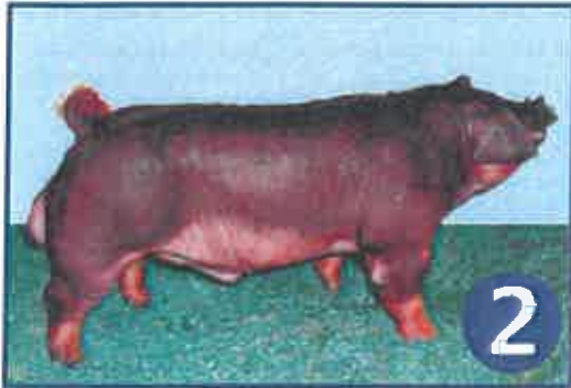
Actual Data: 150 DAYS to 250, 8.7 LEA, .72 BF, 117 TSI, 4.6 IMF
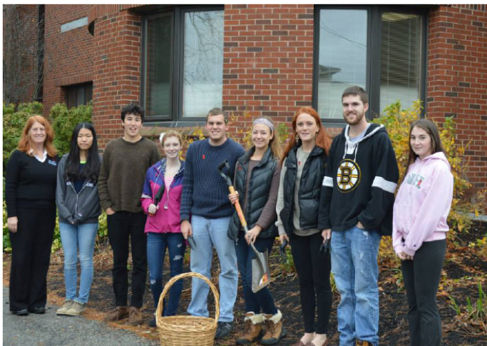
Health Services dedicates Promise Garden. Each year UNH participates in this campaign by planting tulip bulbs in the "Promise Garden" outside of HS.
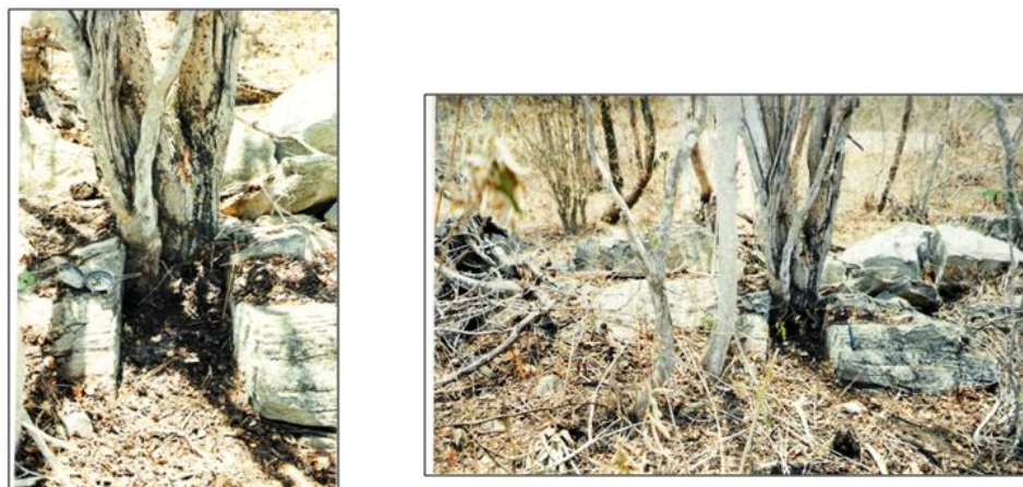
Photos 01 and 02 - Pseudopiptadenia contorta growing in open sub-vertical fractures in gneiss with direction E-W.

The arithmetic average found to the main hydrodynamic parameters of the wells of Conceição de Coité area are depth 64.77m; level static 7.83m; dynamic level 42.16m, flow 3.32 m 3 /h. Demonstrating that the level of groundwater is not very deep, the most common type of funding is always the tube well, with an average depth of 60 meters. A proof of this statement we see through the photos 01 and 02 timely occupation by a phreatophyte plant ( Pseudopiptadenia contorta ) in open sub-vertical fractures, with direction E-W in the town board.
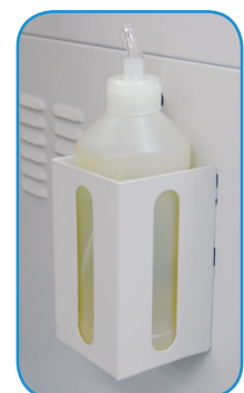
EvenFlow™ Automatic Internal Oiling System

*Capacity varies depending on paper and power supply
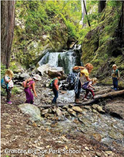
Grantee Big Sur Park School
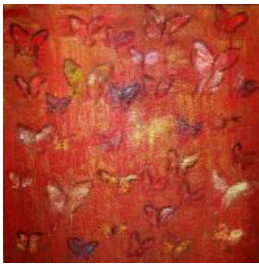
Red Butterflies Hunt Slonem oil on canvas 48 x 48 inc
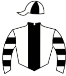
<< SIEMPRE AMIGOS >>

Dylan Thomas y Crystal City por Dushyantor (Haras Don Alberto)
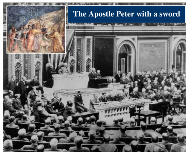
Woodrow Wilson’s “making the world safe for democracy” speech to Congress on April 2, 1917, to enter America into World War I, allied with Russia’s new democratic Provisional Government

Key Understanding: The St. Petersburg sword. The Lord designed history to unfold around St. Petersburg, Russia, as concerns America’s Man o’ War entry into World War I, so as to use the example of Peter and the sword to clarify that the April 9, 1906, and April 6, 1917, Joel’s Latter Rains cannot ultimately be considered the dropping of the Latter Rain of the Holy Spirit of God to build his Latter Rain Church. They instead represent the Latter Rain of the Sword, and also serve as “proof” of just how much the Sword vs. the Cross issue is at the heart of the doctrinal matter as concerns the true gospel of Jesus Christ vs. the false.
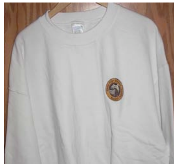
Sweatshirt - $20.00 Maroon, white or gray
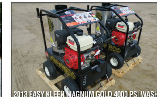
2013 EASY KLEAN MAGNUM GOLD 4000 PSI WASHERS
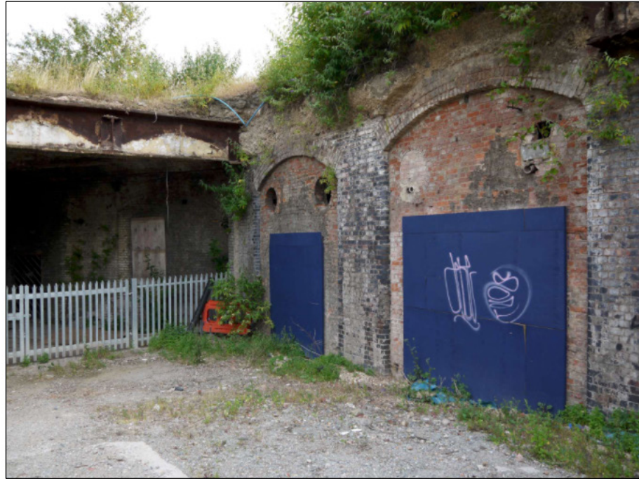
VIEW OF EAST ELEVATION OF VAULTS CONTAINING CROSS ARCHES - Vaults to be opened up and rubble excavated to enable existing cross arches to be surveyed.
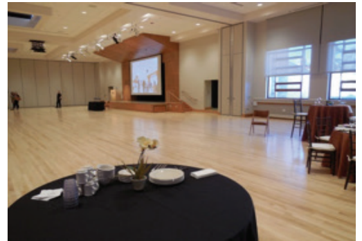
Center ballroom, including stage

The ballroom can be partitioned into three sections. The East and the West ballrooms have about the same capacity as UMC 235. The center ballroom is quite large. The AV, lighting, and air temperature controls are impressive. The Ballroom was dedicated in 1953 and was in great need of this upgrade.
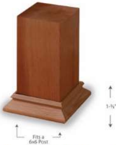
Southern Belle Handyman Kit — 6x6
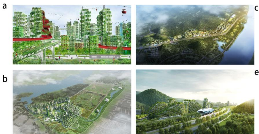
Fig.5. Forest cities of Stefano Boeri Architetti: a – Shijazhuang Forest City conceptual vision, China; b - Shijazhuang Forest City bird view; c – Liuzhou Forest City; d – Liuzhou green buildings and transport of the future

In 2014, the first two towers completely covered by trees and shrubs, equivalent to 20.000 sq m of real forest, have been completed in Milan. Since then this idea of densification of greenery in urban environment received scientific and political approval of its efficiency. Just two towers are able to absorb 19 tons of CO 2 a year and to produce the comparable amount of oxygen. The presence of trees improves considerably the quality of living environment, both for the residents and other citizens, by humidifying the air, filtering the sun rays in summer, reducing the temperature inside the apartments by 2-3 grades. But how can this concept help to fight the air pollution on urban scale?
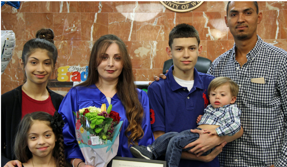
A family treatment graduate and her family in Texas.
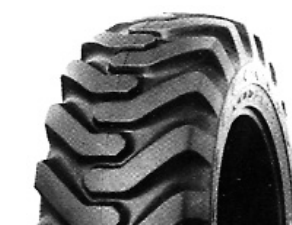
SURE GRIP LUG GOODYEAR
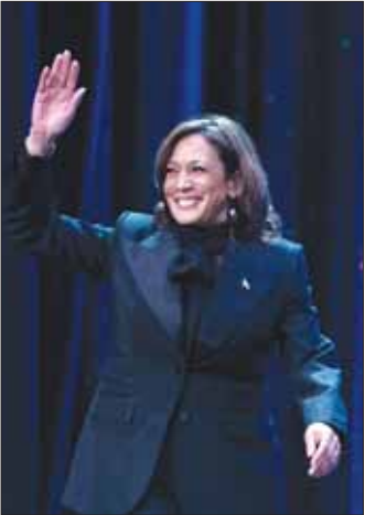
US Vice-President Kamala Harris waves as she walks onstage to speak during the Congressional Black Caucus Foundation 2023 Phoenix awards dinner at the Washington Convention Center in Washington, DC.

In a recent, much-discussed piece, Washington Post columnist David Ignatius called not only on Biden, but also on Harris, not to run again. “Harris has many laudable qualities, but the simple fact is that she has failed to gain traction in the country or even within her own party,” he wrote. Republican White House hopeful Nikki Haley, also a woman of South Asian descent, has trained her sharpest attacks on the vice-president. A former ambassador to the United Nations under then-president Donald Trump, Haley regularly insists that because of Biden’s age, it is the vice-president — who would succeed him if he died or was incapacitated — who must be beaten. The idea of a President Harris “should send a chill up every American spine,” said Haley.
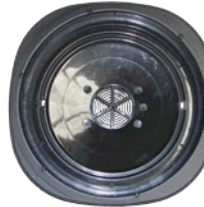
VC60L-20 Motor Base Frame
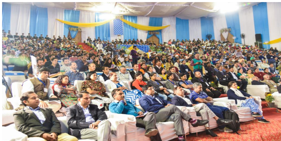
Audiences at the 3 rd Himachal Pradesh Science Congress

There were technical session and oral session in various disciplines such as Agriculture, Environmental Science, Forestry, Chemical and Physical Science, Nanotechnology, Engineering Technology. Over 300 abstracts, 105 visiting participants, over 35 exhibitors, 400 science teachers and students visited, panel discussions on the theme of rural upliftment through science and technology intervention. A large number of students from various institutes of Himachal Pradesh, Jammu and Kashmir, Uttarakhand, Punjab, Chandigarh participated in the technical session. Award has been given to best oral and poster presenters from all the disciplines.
#####
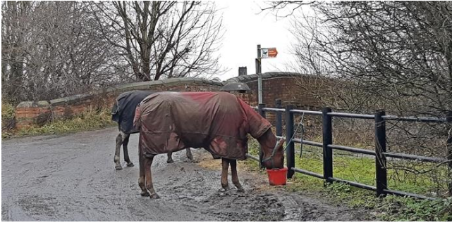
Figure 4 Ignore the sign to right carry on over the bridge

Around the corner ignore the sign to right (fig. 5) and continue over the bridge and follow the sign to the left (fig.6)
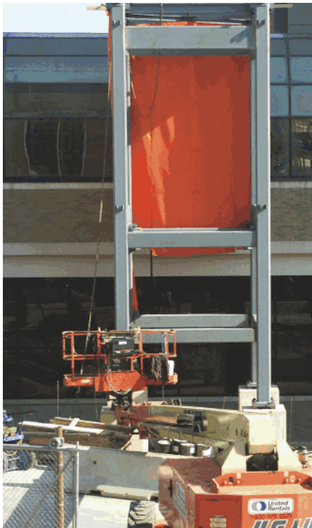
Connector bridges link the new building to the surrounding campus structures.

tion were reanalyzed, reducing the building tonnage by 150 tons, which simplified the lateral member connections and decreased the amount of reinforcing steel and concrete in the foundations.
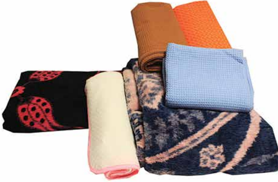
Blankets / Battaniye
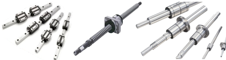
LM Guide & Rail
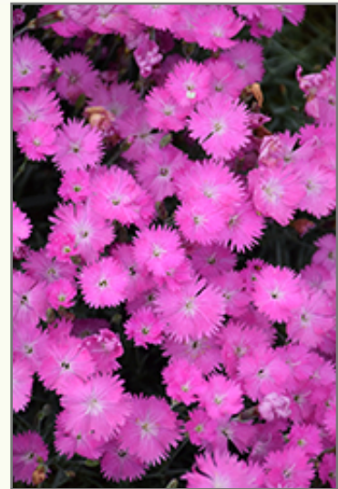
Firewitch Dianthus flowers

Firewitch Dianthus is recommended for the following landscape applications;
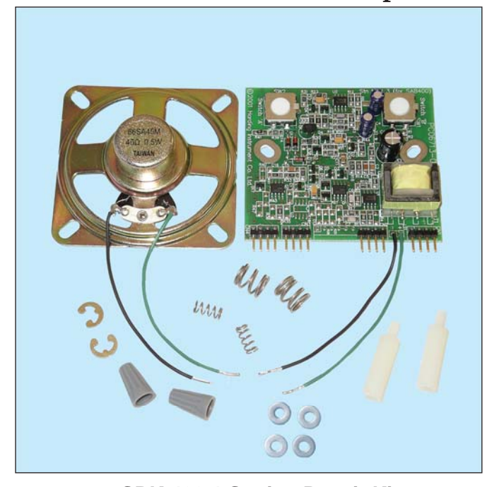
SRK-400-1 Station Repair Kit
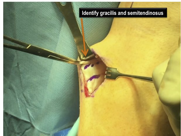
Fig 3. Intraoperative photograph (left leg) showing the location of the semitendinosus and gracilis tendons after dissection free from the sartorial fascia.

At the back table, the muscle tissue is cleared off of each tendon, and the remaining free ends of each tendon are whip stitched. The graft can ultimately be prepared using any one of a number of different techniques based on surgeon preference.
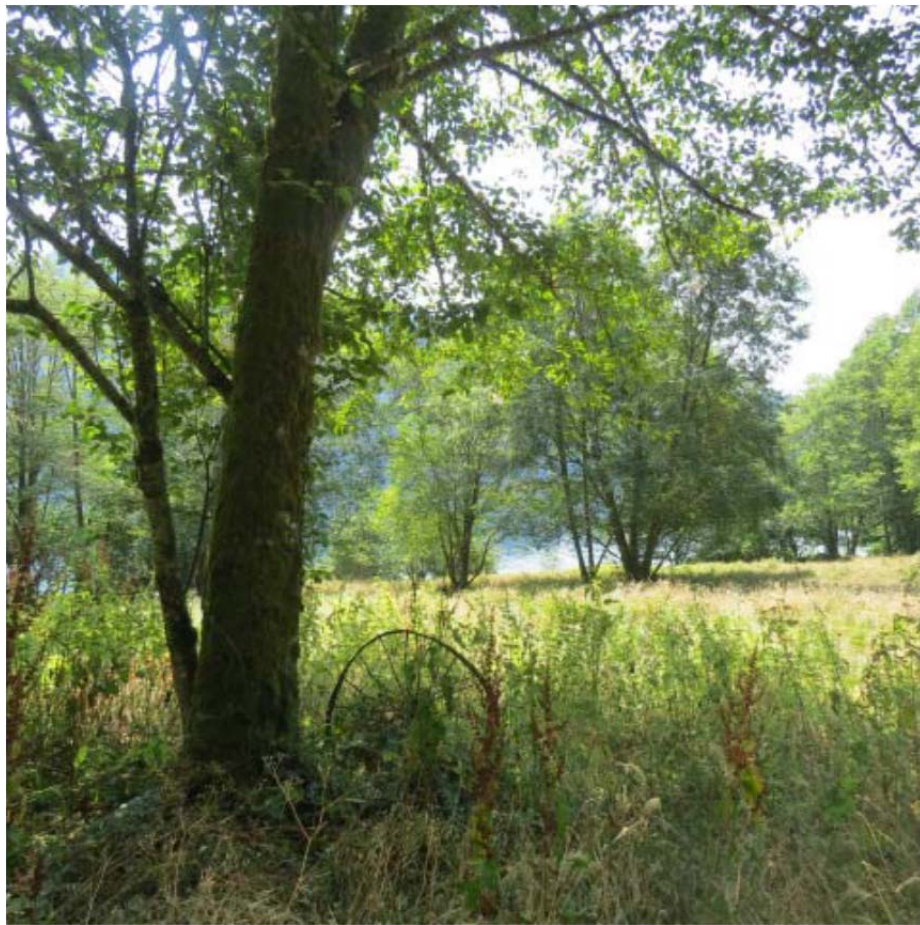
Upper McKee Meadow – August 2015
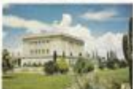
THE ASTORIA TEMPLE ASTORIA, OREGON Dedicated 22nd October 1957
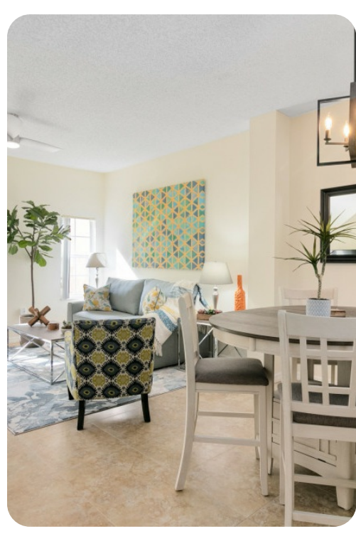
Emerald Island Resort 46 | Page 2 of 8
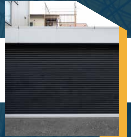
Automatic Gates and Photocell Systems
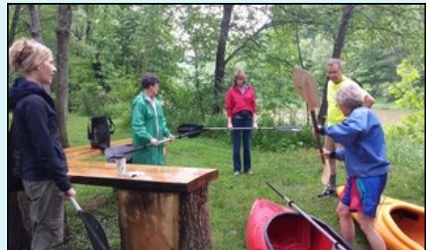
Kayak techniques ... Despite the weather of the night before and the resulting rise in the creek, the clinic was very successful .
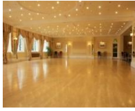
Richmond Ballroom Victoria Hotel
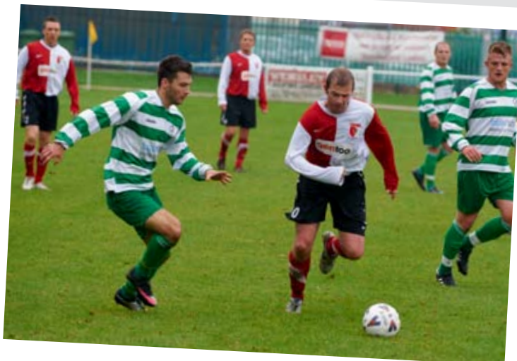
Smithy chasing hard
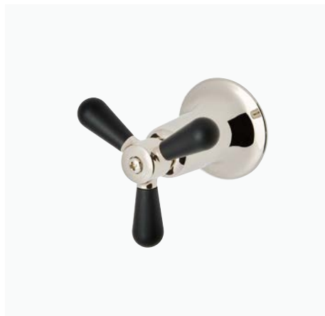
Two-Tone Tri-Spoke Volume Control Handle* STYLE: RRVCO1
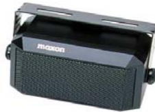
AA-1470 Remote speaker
#####
> [TASK STATEMENT]:
Return each line of the preceding material in which "from" can be found.

> [ANSWER TO THIS TASK]:
There were technical session and oral session in various disciplines such as Agriculture, Environmental Science, Forestry, Chemical and Physical Science, Nanotechnology, Engineering Technology. Over 300 abstracts, 105 visiting participants, over 35 exhibitors, 400 science teachers and students visited, panel discussions on the theme of rural upliftment through science and technology intervention. A large number of students from various institutes of Himachal Pradesh, Jammu and Kashmir, Uttarakhand, Punjab, Chandigarh participated in the technical session. Award has been given to best oral and poster presenters from all the disciplines.
Fig 3. Intraoperative photograph (left leg) showing the location of the semitendinosus and gracilis tendons after dissection free from the sartorial fascia.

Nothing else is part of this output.